[To do] If a line in the following entries holds the string "serviço", include it in the tally. State the total and nothing further.

[Data supplied]
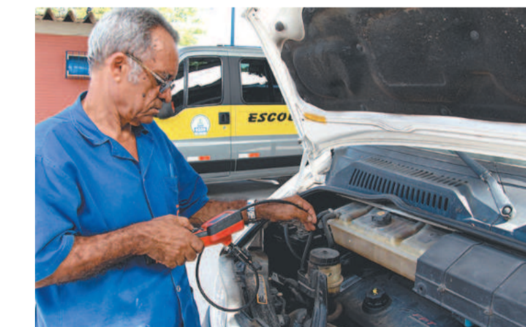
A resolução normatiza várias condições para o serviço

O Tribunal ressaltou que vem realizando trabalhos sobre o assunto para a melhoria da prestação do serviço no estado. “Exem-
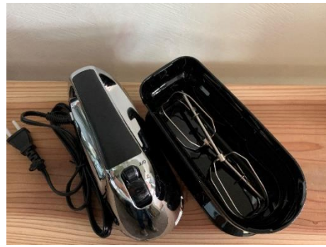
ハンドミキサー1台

---

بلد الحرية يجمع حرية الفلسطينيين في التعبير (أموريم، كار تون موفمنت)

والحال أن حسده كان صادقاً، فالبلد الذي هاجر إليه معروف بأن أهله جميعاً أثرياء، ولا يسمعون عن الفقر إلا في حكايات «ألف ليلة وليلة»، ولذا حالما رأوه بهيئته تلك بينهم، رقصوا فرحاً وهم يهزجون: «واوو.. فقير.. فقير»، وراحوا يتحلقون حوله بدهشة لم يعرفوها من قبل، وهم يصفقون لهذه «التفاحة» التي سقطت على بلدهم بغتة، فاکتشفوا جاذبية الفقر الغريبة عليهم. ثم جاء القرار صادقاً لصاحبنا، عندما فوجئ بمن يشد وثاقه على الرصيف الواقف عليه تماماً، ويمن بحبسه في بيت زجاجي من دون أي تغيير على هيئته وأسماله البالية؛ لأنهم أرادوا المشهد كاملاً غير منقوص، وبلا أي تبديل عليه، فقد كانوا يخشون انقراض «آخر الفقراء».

[Answer to this task] 2